[Stored data entries]
════
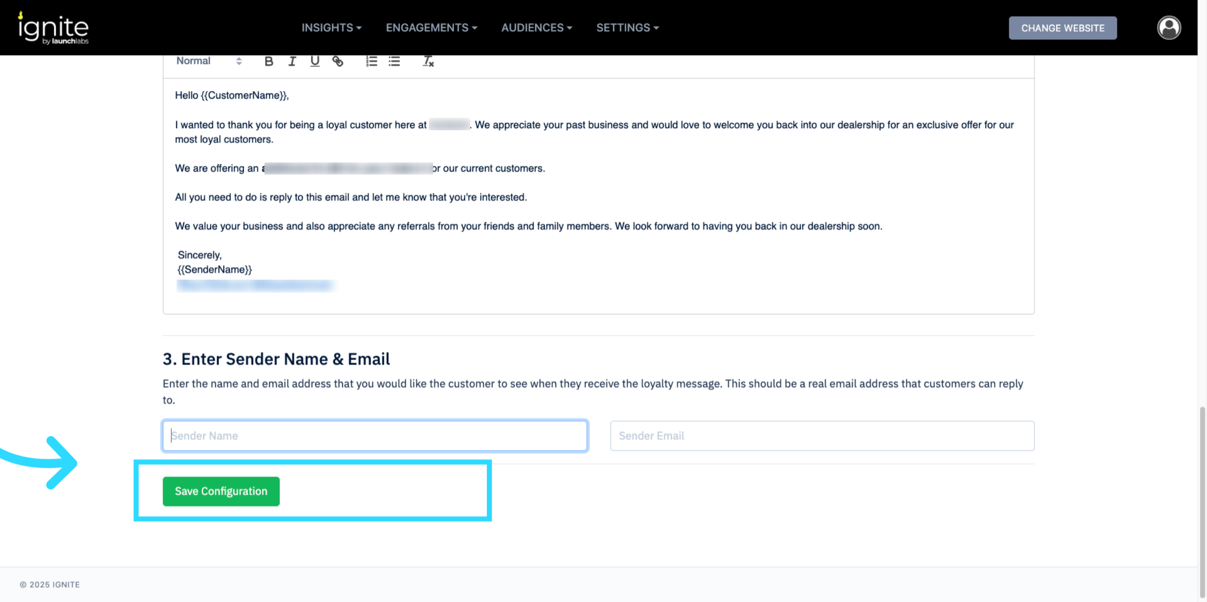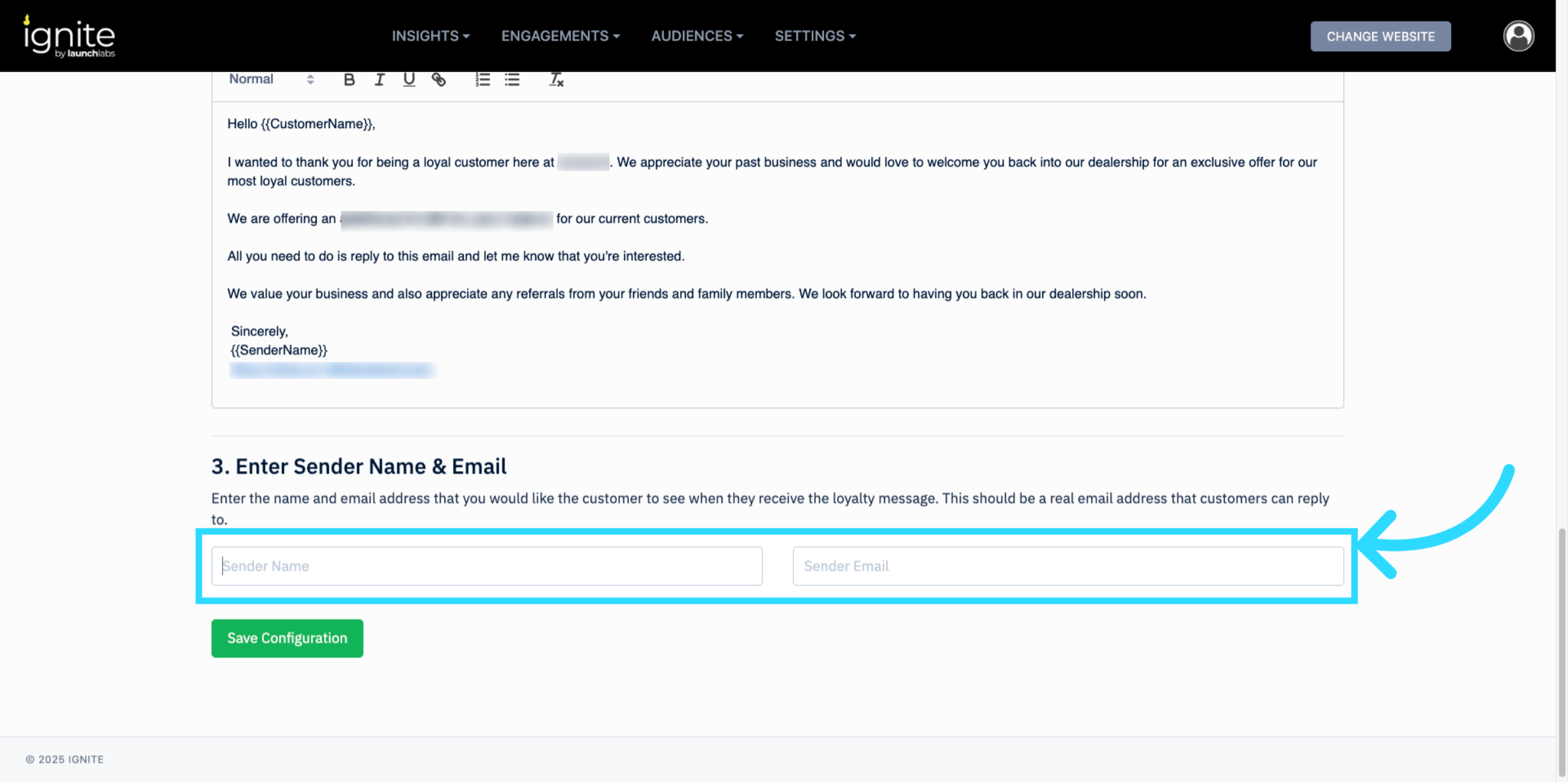 Enter the Sender Name and Sender Email for the outgoing message. Typically, this will be the dealership manager or another recognizable contact.
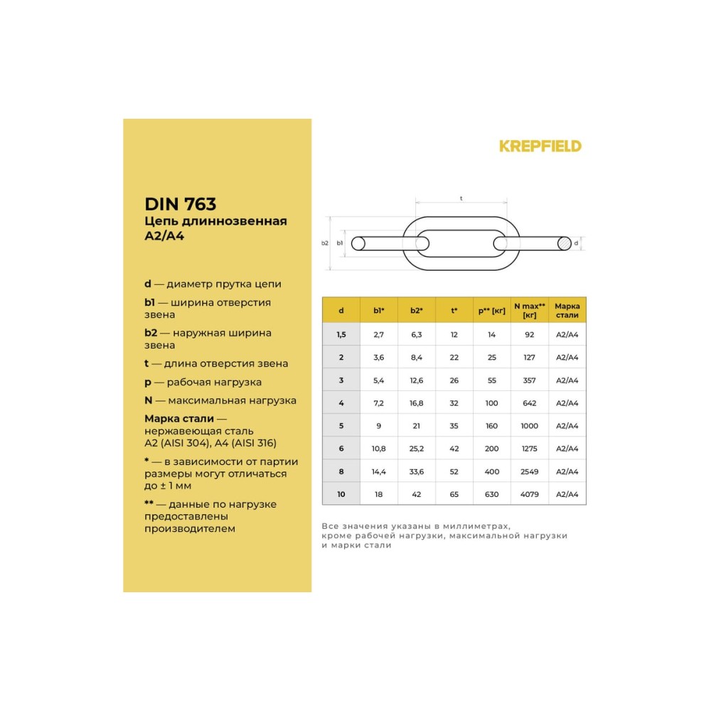 Цепь Нержавеющая KREPFIELD 2x22 мм DIN 763 А2 сварная длиннозвенная 1 метр 763А2ЦЕПЬ2ММ-1
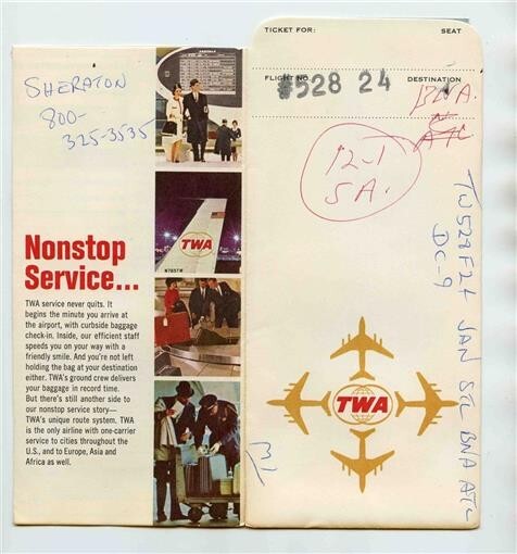 TWA Trans World Airlines Ticket Jacket Record Ticket Baggage Check Bonus Ballot
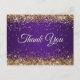Carte Postale Faux Pailleté Or Pailleté Violet Royal Merci
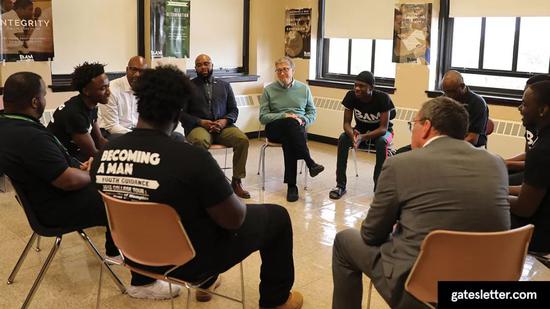 ▲比尔与芝加哥北格兰德中学的学生会面。
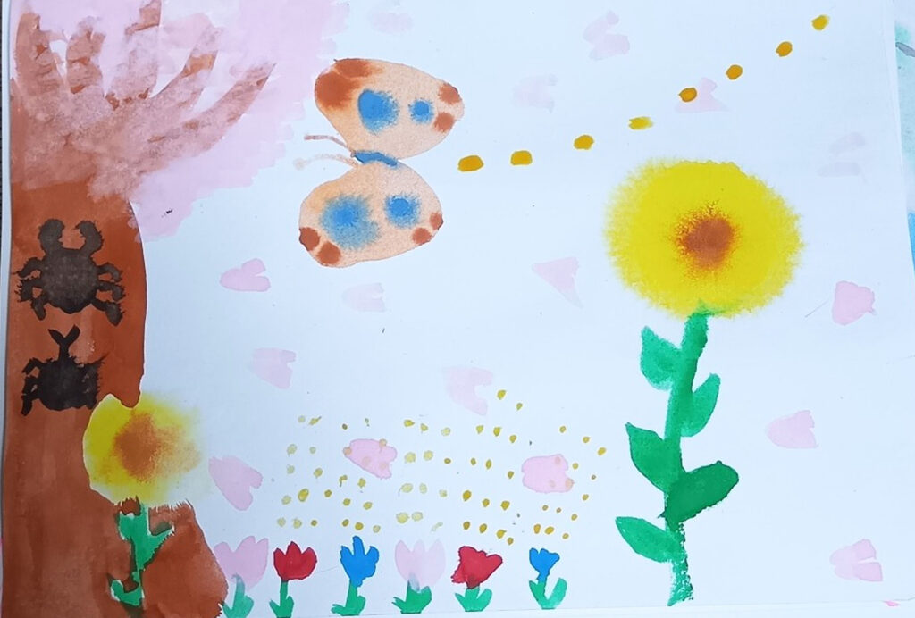 Hちゃん、5回目です。かわりばんこに描く絵、やってみない?うん、いいよ!ということで、始まりました。「画用紙、濡らしていい?」「いいよ、あ、半分は濡らさないで... -
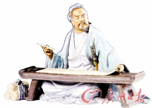 孫子盤(pán)膝而坐、著述兵法。在石灣陶藝寫(xiě)實(shí)與夸張的傳統(tǒng)手法基礎(chǔ)上,融入了現(xiàn)代西方解剖學(xué)的元素,以合理的身體語(yǔ)言來(lái)表現(xiàn)作品的思想情懷。
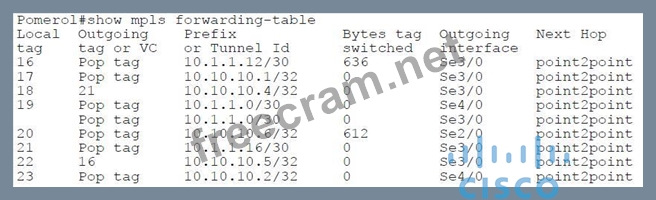 Corresponding entry in LFIB (LABEL <=> INTERFACE)
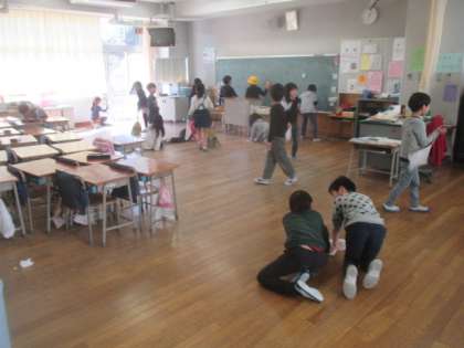 昼休みしっかり遊んだ後は、自分たちが使っている教室をきれいにします。それ以外も、割り当てられた場所を、みんなで協力して掃除をします。午後も気持ちよく勉強するために、自分の役割をしっかり果たしましょうね。
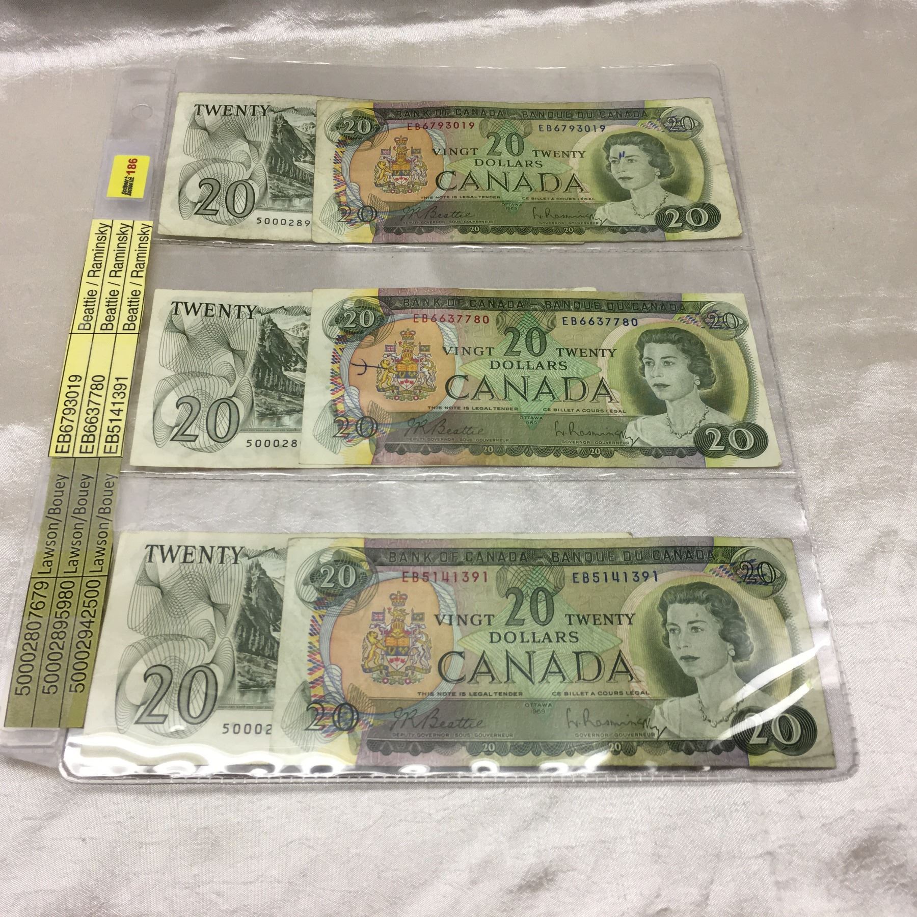 1969 Canada $20 Bills (6) : Beattie/Rasminsky
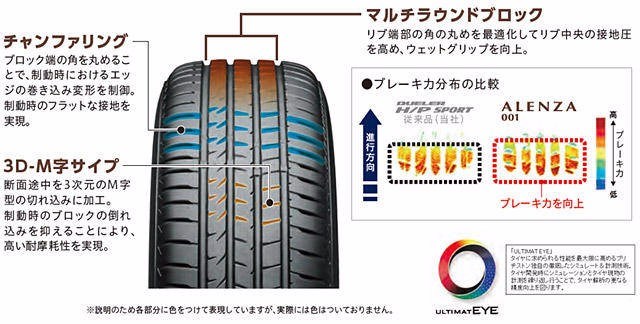 新発売する「ALENZA 001」は、プレミアムSUVのスポーティな運動性能を高次元で引き出すために専用設計されており、オンロードでの高いドライ、ウェット性能に加え、低燃費性能、ライフ性能にも配慮したハイパフォーマンスタイヤとなっています。
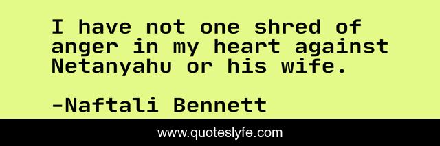 This page presents the quote "I have not one shred of anger in my heart against Netanyahu or his wife.". Author of this quote is Naftali Bennett. This quote is about heart, against, wife,.
════
ACTIVITY. We ask that the entries above be copied exactly, with the pictures omitted.

EXERCISE RESULT.
 Enter the Sender Name and Sender Email for the outgoing message. Typically, this will be the dealership manager or another recognizable contact.
 Цепь Нержавеющая KREPFIELD 2x22 мм DIN 763 А2 сварная длиннозвенная 1 метр 763А2ЦЕПЬ2ММ-1
 TWA Trans World Airlines Ticket Jacket Record Ticket Baggage Check Bonus Ballot
Carte Postale Faux Pailleté Or Pailleté Violet Royal Merci
 ▲比尔与芝加哥北格兰德中学的学生会面。
 Hちゃん、5回目です。かわりばんこに描く絵、やってみない?うん、いいよ!ということで、始まりました。「画用紙、濡らしていい?」「いいよ、あ、半分は濡らさないで... -
 孫子盤(pán)膝而坐、著述兵法。在石灣陶藝寫(xiě)實(shí)與夸張的傳統(tǒng)手法基礎(chǔ)上,融入了現(xiàn)代西方解剖學(xué)的元素,以合理的身體語(yǔ)言來(lái)表現(xiàn)作品的思想情懷。
 Corresponding entry in LFIB (LABEL <=> INTERFACE)
 昼休みしっかり遊んだ後は、自分たちが使っている教室をきれいにします。それ以外も、割り当てられた場所を、みんなで協力して掃除をします。午後も気持ちよく勉強するために、自分の役割をしっかり果たしましょうね。
 1969 Canada $20 Bills (6) : Beattie/Rasminsky
 新発売する「ALENZA 001」は、プレミアムSUVのスポーティな運動性能を高次元で引き出すために専用設計されており、オンロードでの高いドライ、ウェット性能に加え、低燃費性能、ライフ性能にも配慮したハイパフォーマンスタイヤとなっています。
 This page presents the quote "I have not one shred of anger in my heart against Netanyahu or his wife.". Author of this quote is Naftali Bennett. This quote is about heart, against, wife,.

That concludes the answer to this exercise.